We can raise exponential to another power, or take a power of a power. The result is a single exponential where the power is the product of the original exponents:\begin{gather}(x^a)^b = x^{ab}. \label{power_power}\end{gather}

We can see this result by writing it as a product where the $x^a$ is repeated $b$ times:\begin{gather*}(x^a)^b = \underbrace{x^a \times x^a \times \cdots \times x^a}_{b\text{ times}}.\end{gather*}Next we apply rule \eqref{product} for the product of exponentials with the same base. We use this rule $b$ times to conclude that\begin{align*}(x^a)^b &= \underbrace{x^a \times x^a \times \cdots \times x^a}_{b\text{ times}}\\[0.2cm] &= x^{\overbrace{a + a + \cdots + a}^{b\text{ times}}}\\[0.2cm] &= x^{ab}.\end{align*}In the last step, we had to remember that multiplication can be defined as repeated addition.

##### Power of a product

If we take the power of a product, we can distribute the exponent over the different factors:\begin{gather} (xy)^a = x^ay^a. \label{power_product}\end{gather}

We can show this rule in the same way as we show that you can distribute multiplication over addition. One way to show this distributive law for multiplication is is to remember that multiplication is defined as repeated addition:\begin{align*} (x+y)a &= \underbrace{(x + y) + (x+y) + \cdots + (x+y)}_{a\text{ times}}\\[0.2cm] &= \underbrace{x + x + \cdots + x}_{a\text{ times}}+\underbrace{y+ y + \cdots + y}_{a\text{ times}}\\[0.2cm]\\ &= xa +ya.\end{align*}In the same way, we can show the distributive law for exponentiation:\begin{align*} (xy)^a &= \underbrace{(xy) \times (xy) \times \cdots \times (xy)}_{a\text{ times}}\\[0.2cm] &= \underbrace{x \times x \times \cdots \times x}_{a\text{ times}}\times\underbrace{y \times y \times \cdots \times y}_{a\text{ times}}\\[0.2cm]\\ &= x^a y^a.\end{align*}

This rule also works for quotients\begin{gather*} \left(\frac{x}{y}\right)^a = \frac{x^a}{y^a},\end{gather*}but it does NOT work for sums. For example, \begin{align*} (3+5)^2 = 8^2 = 64,\end{align*}but this is NOT equal to \begin{align*} 3^2+5^2 = 9 + 25 =34.\end{align*}

#### Special cases

The following are special cases that follow from the rules.

##### The power of one

The simplest special case is that raising any number to the power of 1 doesn't do anything:\begin{gather}x^1=x.\label{power_one}\end{gather}

##### The power of zero

As long as $x$ isn't zero, raising it to the power of zero must be 1:$$x^0=1.$$We can see this, for example, from the quotient rule, as$$1 = \frac{x^a}{x^a} = x^{a-a}=x^0.$$

The expression $0^0$ is indeterminate. You can see that it must be indeterminate, because you can come up with good reasons for it to be two different values.

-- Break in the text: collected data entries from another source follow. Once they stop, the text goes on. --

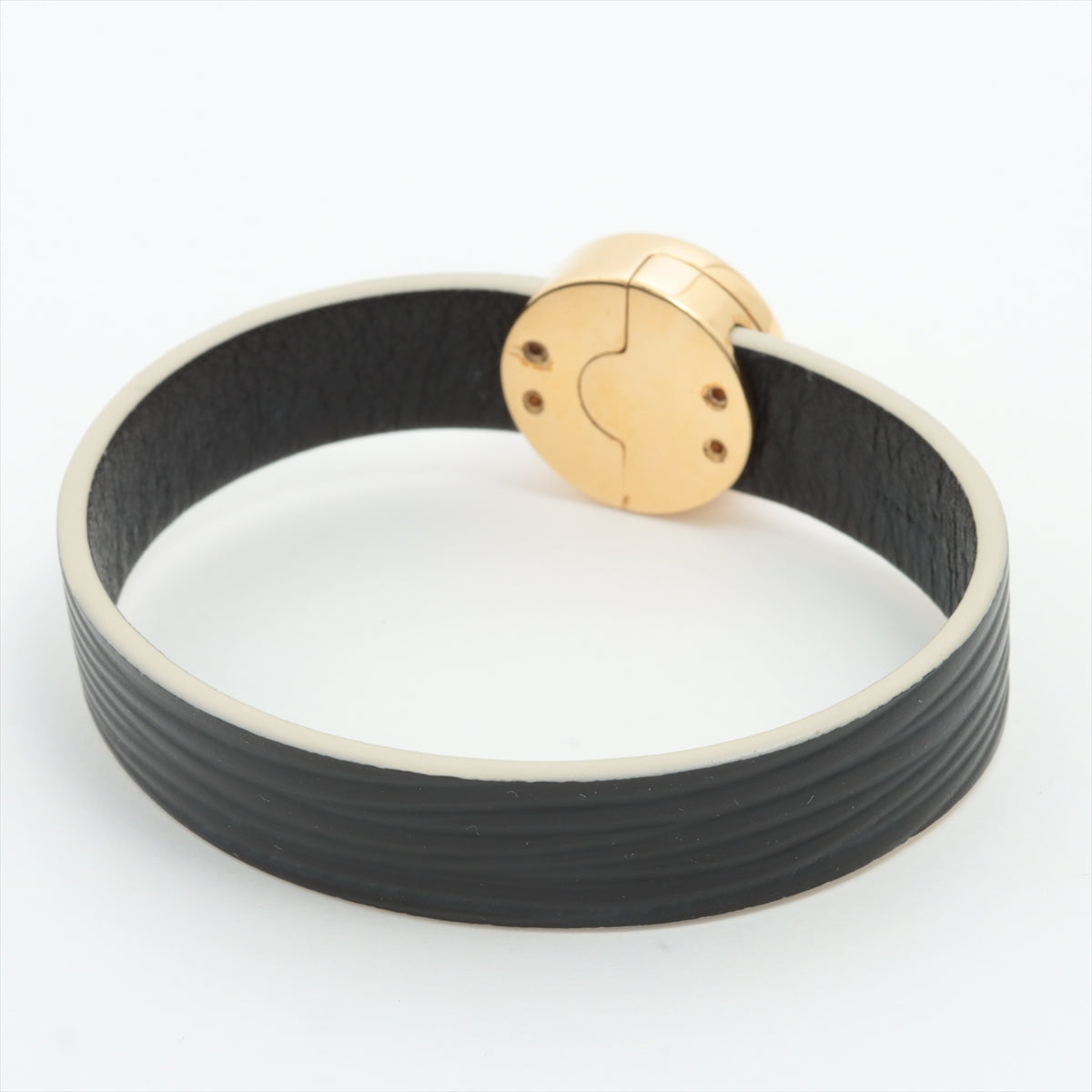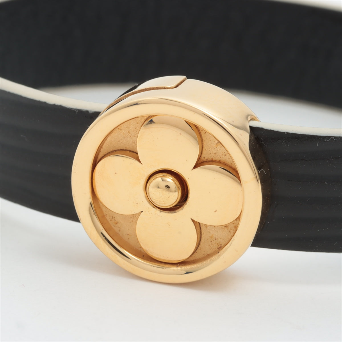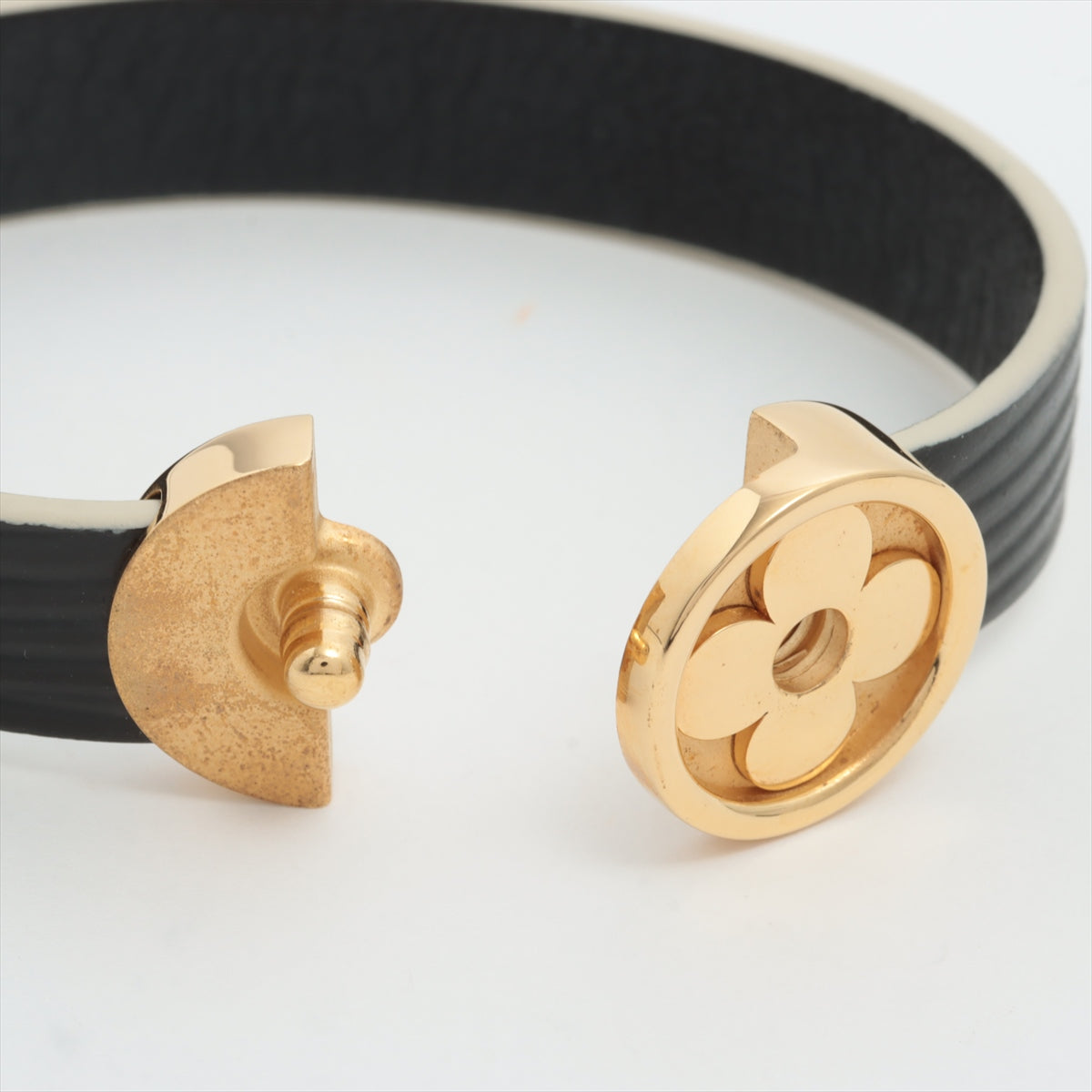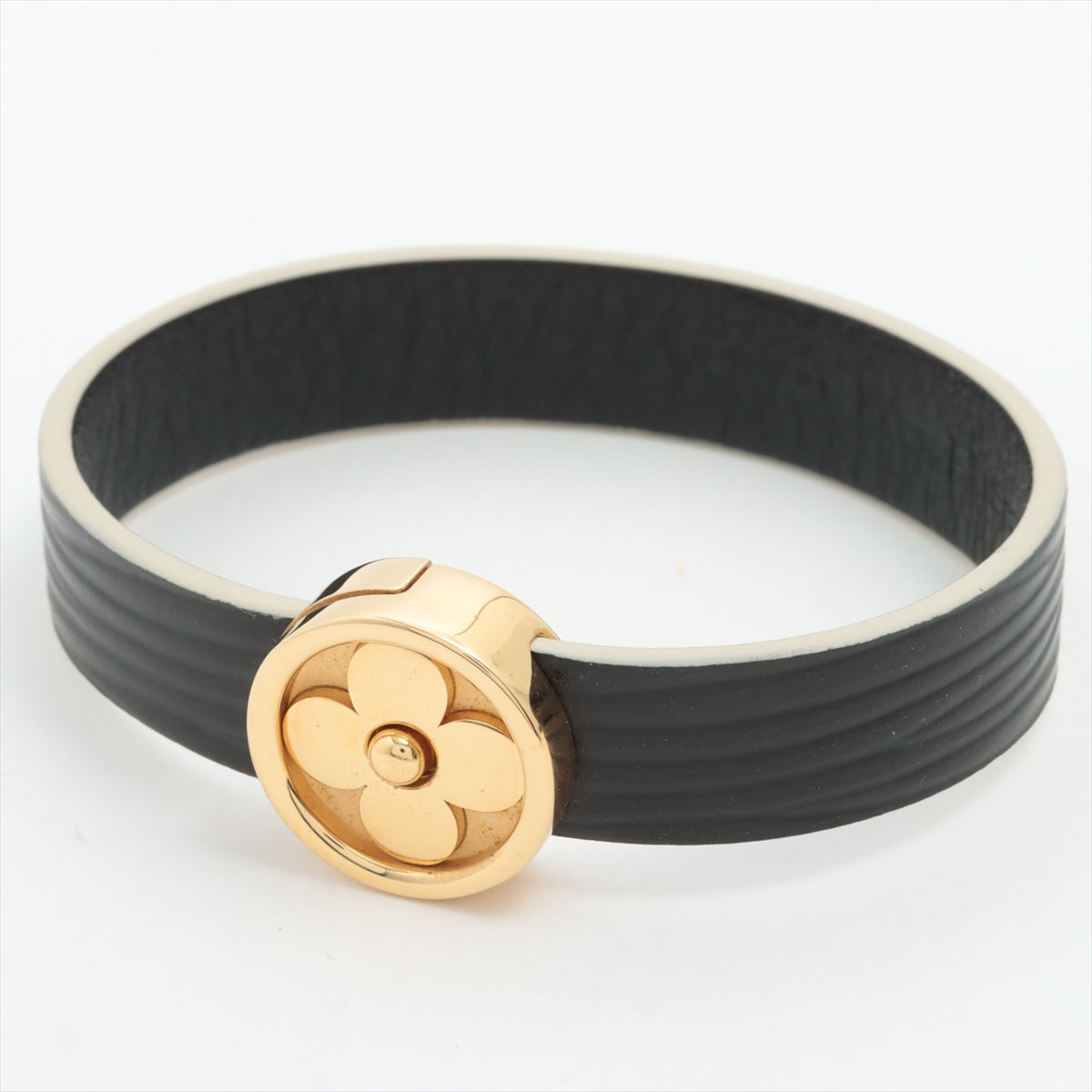 Wrapped around the metal centerpiece is luxurious Epi leather, which is known for its textured surface and durability. The Epi leather adds a touch of elegance and sophistication to the bangle while providing a comfortable fit when worn on the wrist. The fusion of metal and leather creates a striking contrast that is both visually appealing and tactile. The combination of materials and textures is a hallmark of LV’s approach to design, resulting in a bangle that is not only a piece of jewelry but also a work of art. The bangle is designed to be an close-ended cuff style, allowing for easy wearing and removal.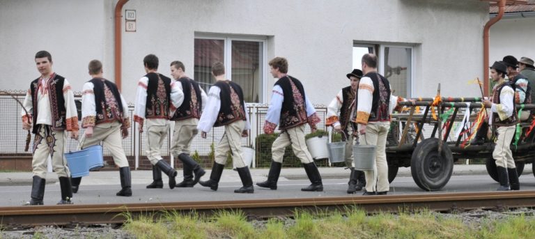 Chlapci v teplanských krojoch idúc na rebriňáku počas tradičnej oblievačky a šibačky na Veľkonočný pondelok v Trenčianskej Teplej v okrese Trenčín. Trenčianska Teplá, 21. apríl 2014. Foto: SITA/Tomáš Somr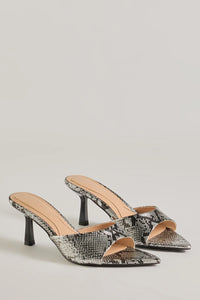 Make a sassy impression with sleek faux leather mules that feature a trendy snake print, a pointy toe, and a stiletto heel. Complete your look with an LBD and hoops for your next GNO!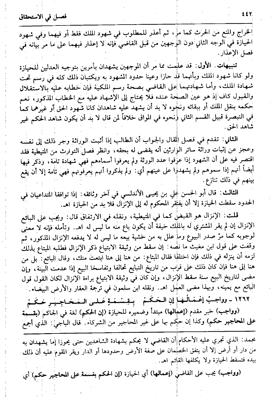 الْخراج وَالْمَنْع من الْحَرْث كَمَا مر، ثمَّ أعذر للمطلوب فِي شُهُود الْملك فَقَط أَو فيهمَا وَفِي شُهُود الْحِيَازَة فِي الْوَجْه الثَّانِي دون الْوَجْهَيْنِ من قبل القَاضِي فَإِنَّهُ لَا إعذار فيهمَا على مَا مر بَيَانه فِي فصل الْإِعْذَار. تَنْبِيهَات. الأول: قد علمت مِمَّا مر أَن الموجهين يَشْهَدَانِ بأمرين بتوجيه العدلين للحيازة وَلَو كَانَا شُهُود الْملك وبأنهما قد حازا وعينا حُدُود الْمَشْهُود بِهِ ويكتبان ذَلِك كُله فِي رسم تَحت شَهَادَة الْملك، وَأما شَهَادَتهمَا على القَاضِي بِصِحَّة رسم الملكية فَإِن خطابه عَلَيْهِ بالاستقلال وَالْقَبُول كَاف إِذْ هُوَ عين الصِّحَّة عِنْده فَلَا يحْتَاج إِلَى الْإِشْهَاد عَلَيْهِ مَعَ الْخطاب الْمَذْكُور نعم حكمه بِنَقْل الْملك أَو بِبَقَائِهِ وَنَحْوه لَا بُد أَن يشْهد عَلَيْهِ شَاهِدَانِ كَانَا شُهُود الْحق أَو غَيرهمَا كَمَا فِي التَّبْصِرَة قبيل الْقسم الثَّانِي وَنَحْوه فِي الْمواق خلافًا لمن قَالَ لَا بُد أَن يكون شَاهد الحكم غير شَاهد الْحق. الثَّانِي: تقدم فِي فصل الْمقَال وَالْجَوَاب أَن الطَّالِب إِذا أثبت الوراثة وجر ذَلِك إِلَى نَفسه وَعجز عَن إِثْبَات وراثة سَائِر الْوَارِثين أَنه يقْضى لَهُ بِحقِّهِ، وَانْظُر فصل التَّوَارُث من الْمُتَيْطِيَّة فقد اقْتصر فِيهِ على أَن الشُّهُود إِذا عرفُوا عدد الْوَرَثَة وَلم يعرفوا أَسْمَاءَهُم فَهِيَ شَهَادَة تَامَّة، وَذكر فِيهَا أَيْضا أَنهم إِذا سموهم وَلم يشْهدُوا على عينهم أَي: وَلم يذكرُوا أَنهم يعرفونهم فَهِيَ تَامَّة إِلَّا أَن يَقع بَينهم فِي ذَلِك تنَازع. الثَّالِث: قَالَ أَبُو الْحسن عَليّ بن يحيى الأندلسي فِي آخر وثائقه: إِذا توافقا المتداعيان فِي الْحُدُود سَقَطت الْحِيَازَة إِلَّا أَن يفْتَقر الْمَحْكُوم لَهُ إِلَى الْإِنْزَال فَلَا بُد من الْحِيَازَة اه. قلت: الْإِنْزَال هُوَ الْقَبْض كَمَا فِي الْمُتَيْطِيَّة، وَنَقله فِي الارتفاق قَالَ: وَيجب على البَائِع الْإِنْزَال إِن لم يقر المُشْتَرِي لَهُ بِالْملكِ خيفة أَن يكون بَاعَ مِنْهُ مَا لَيْسَ لَهُ اه. وتأمله فَإِنَّهُ لَا معنى لوُجُوبه كَمَا مرَّ صدر الْبيُوع وَمَا علل بِهِ من خشيَة بَيْعه مَا لَيْسَ لَهُ لَا يَدْفَعهُ الْإِنْزَال الْمَذْكُور، ثمَّ وقفت على قَول ابْن مغيث مَا نَصه: إِن سقط من وَثِيقَة الابتياع ذكر الْإِنْزَال فَطَلَبه الْمُبْتَاع بذلك لزمَه أَن ينزله فِي ذَلِك فَإِن اخْتلفَا فَقَالَ الْمُبْتَاع: من هُنَا إِلَى هُنَا ابتعت مِنْك، وَقَالَ البَائِع: بل من هُنَا إِلَى هُنَا فَإِن كَانَ ذَلِك على قرب من تَارِيخ التبايع تحَالفا وتفاسخا البيع إِذا عدمت الْبَيِّنَة، وَإِن مضى لتاريخ البيع سنة سقط الْإِنْزَال، وَإِن كَانَ فِي وَثِيقَة الابتياع بَرَاءَة الْإِنْزَال لَكَانَ القَوْل قَول البَائِع مَعَ يَمِينه، وَبِهَذَا مضى الْعَمَل اه. وَنَقله ابْن سَلمُون فِي تَرْجَمَة الْعقار وَالْأَرْض الْبَيْضَاء. وواجبٌ إعْمَالُهَا إنِ الحَكَمْ بِقِسْمَةٍ عَلى المَحَاجِيرِ حَكَمْ (وواجب) خبر مقدم (إعمالها) مُبْتَدأ وضميره للحيازة (إِن الحكم) لُغَة فِي الْحَاكِم (بقسمة على المحاجير حكم) وَكَذَا إِن حكم بهَا على غير المحاجير من الشُّرَكَاء. قَالَ الْبَاجِيّ: الَّذِي أجمع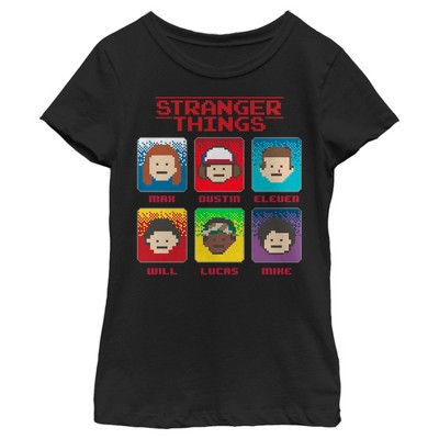 Girl's Stranger Things Group Shot 8-Bit Box Up T-Shirt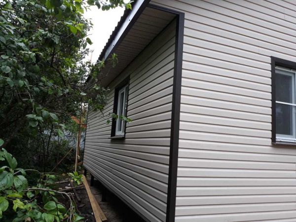 Сайдинг виниловый гранд лайн, фактура имитирует окрашенное дерево, откосы и отливы металлические с напылением, аналогичной фирмы.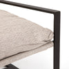 An innately hip design, modernized for outdoor use. Sling-style seating sits low and curved, with a removable cushion for cleaning ease. Bronze-finished aluminum framing adds an angular touch. Cover or store indoors during inclement weather and when not in use.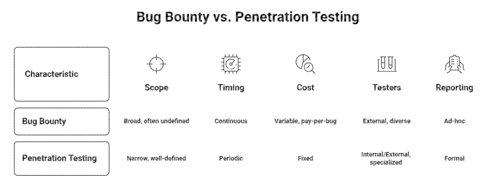 Continuity and scale forms the most significant point of departure between penetration testing and bug bounty. Penetration testing is an intermittent and time and budget-constrained activity. Bug bounty programs are open and reusable and can be operated by different researchers working on the same systems at the same time. It results in more extensive coverage and quicker vulnerability discovery. Another significant difference is cost structure. Penetration tests have initial payments whether successful or not. Bug bounty programs enable the companies to only pay per confirmed vulnerability, which is more efficient and result-oriented in security spending.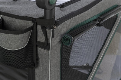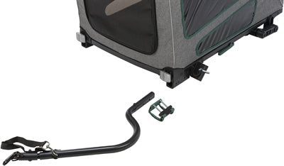 De Trixie Fietskar Grijs/Salie 62X80X92 cm is een hondenkar voor achter de fiets, gemaakt van water afstotend polyester, metaal, rubber en plastic. Neem jouw hond mee op een fietstocht met deze mooie kar! De kar is voorzien van een ophanging voor meer comfort en bevat een kussen met memory foam.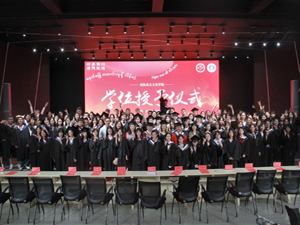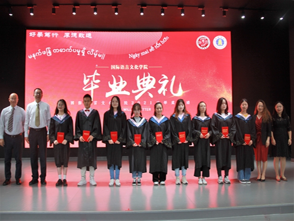 教师代表沈清清发言,她以中、英、泰三种语言寄语即将踏上人生新征程的毕业生,不惧困难,未来可期。毕业生家长代表通过视频的方式,向学院和毕业生报以祝贺。毕业生代表梁馨心、李瑞雪分别用中、泰,中、英语言发言,回顾四年的青春时光,展望毕业后的美好未来,号召广大毕业生们勇担使命,不负韶华。刘代容代表学院致辞,用中、英、日三种语言向毕业生们送上了最真挚的祝福和期望。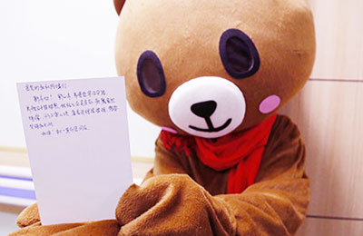 一个个红彤彤的苹果,寓意着平安吉祥;一张张医护人员们亲手写的贺卡,书写着一句句美好真切的祝福。打扮成卡通熊的小姐姐为一位位患者送上我们准备的小礼物,这都是我们用体贴的行动带给患者们感动的体验。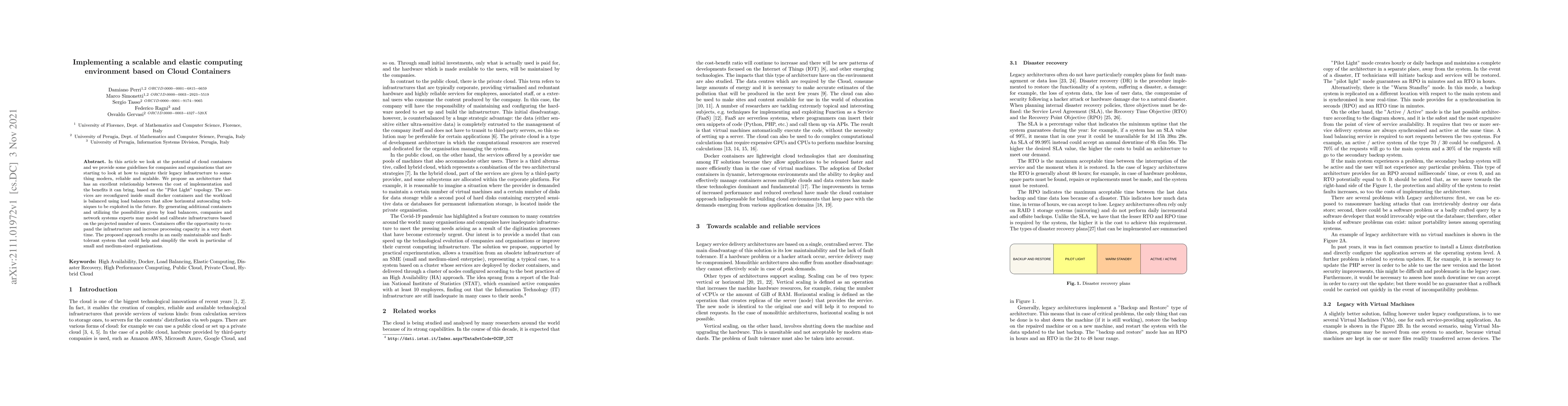 In this article we look at the potential of cloud containers and we provide some guidelines for companies and organisations that are starting to look at how to migrate their legacy infrastructure to something modern, reliable and scalable. We propose an architecture that has an excellent relationship between the cost of implementation and the benefits it can bring, based on the "Pilot Light" topology. The services are reconfigured inside small docker containers and the workload is balanced using load balancers that allow horizontal autoscaling techniques to be exploited in the future. By generating additional containers and utilizing the possibilities given by load balancers, companies and network systems experts may model and calibrate infrastructures based on the projected number of users. Containers offer the opportunity to expand the infrastructure and increase processing capacity in a very short time. The proposed approach results in an easily maintainable and fault-tolerant system that could help and simplify the work in particular of small and medium-sized organisations.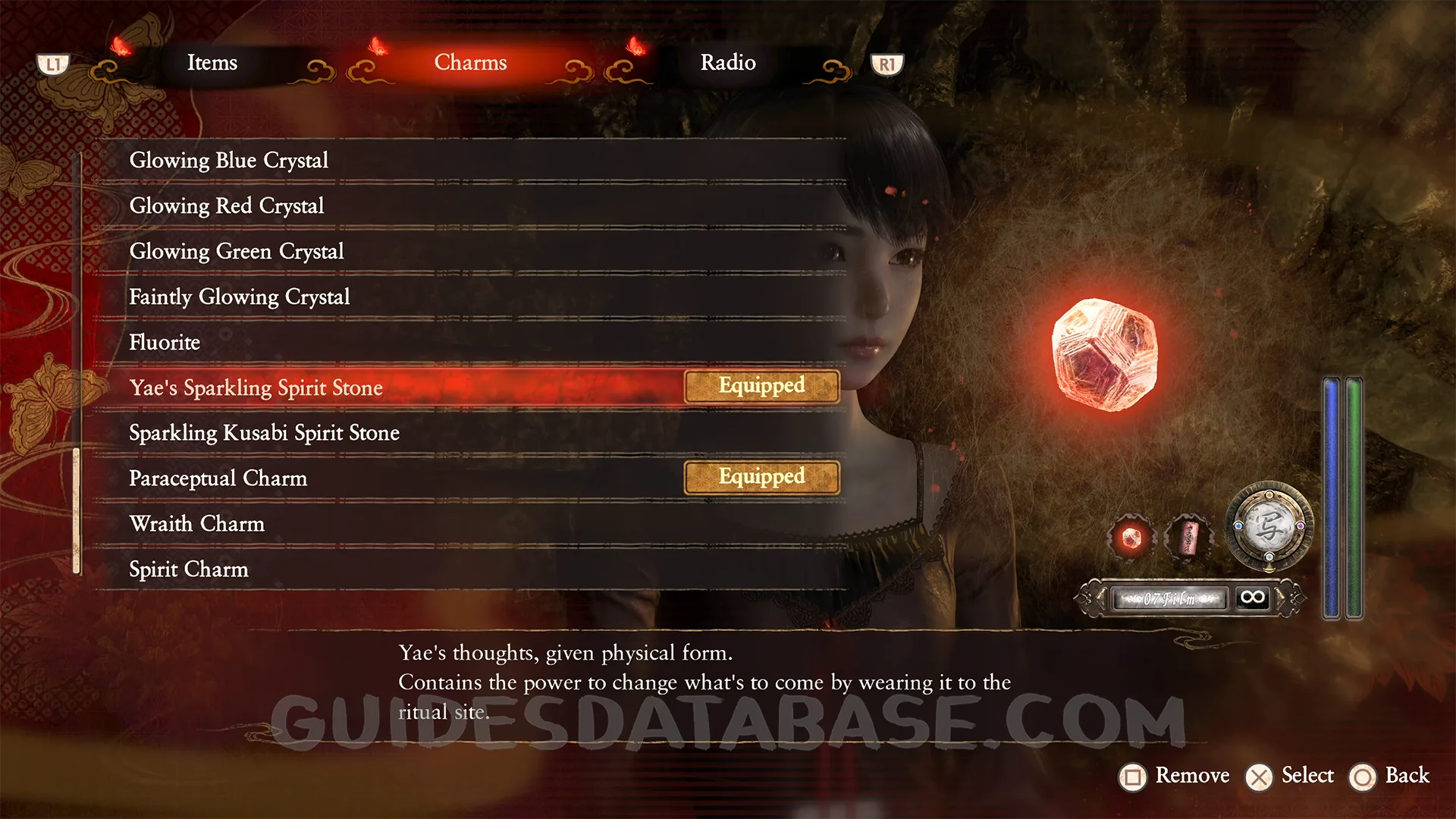 Reach the Crimson Butterfly ending to access the side story Yae Kurosawa, then complete it to obtain Yae's Sparkling Spirit Stone.

First, from above, if $x \ne 0$, then $x^0=1$, no matter how small $x$ is. If we just let $x$ go all the way to zero (take the limit as $x$ goes to zero), then it seems that $0^0$ should be 1.

On the other hand, $0^a=0$ as long as $a \ne 0$. Repeated multiplication of $0$ still gives zero, and we can use the above rules to show $0^a$ still is zero, no matter how small $a$ is, as long as it is nonzero. If just let $a$ go all the way to zero (take the limit as $a$ goes to zero), then it seems like $0^0$ should be 0.

In other words, if we start with $x^a$ for non-zero $x$ and non-zero $a$, we'll get a different answer for $0^0$ depending on whether we let $x$ go to zero first or $a$ go to zero first. There really is no way for deciding on a value for $0^0$, so we are forced to leave it indeterminate. You can check out this applet to visualize this argument.

##### The power of negative one

Negative one is a special value for an exponent, because taking a number to the power of negative one gives its reciprocal:$$x^{-1} = \frac{1}{x}.$$

##### The changing sign of exponent

In a similar vein, changing the sign of a exponent gives the reciprocal, so$$x^{-a} = \frac{1}{x^a}.$$

##### Fractional exponents

The power of power rule \eqref{power_power} allows us to define fractional exponents. For example, rule \eqref{power_power} tells us that\begin{gather*} 9^{1/2}=(3^2)^{1/2} = 3^{2 \cdot 1/2} = 3^1 = 3.\end{gather*}Taking a number to the power of $\frac{1}{2}$ undoes taking a number to the power of 2 (or squaring it). In other words, taking a number to the power of $\frac{1}{2}$ is the same thing as taking a square root:\begin{gather*} x^{1/2} = \sqrt{x}.\end{gather*}

Since $(x^n)^{1/n} = x^1 = x$, we can generalize the result so that taking a number to the power of $1/n$ is the same thing as taking the $n$th root:\begin{gather} x^{1/n} = \sqrt[n]{x}.\end{gather}

If $a$ is any rational number, then it can be written as $a=m/n$. We can define taking a number to the $a$th power as taking that number to the $m$th power and the $n$th root. We'll assume the base $x$ is non-negative so that we don't have to worry about doing things like taking the square root of a negative number. Then, the order doesn't matter and\begin{gather*} x^{m/n} = \sqrt[n]{x^m} = (\sqrt[n]{x})^m.\end{gather*}If $a$ is an irrational number, like $a=\pi$, then this process doesn't exactly work. But, since you can find a rational number as close as you want to any irrational number, you can approximate $x^a$ as well as you like. (To be precise, you could define $x^a$ in terms of a limit of $x^b$, where $b$ are rational numbers approaching $a$.)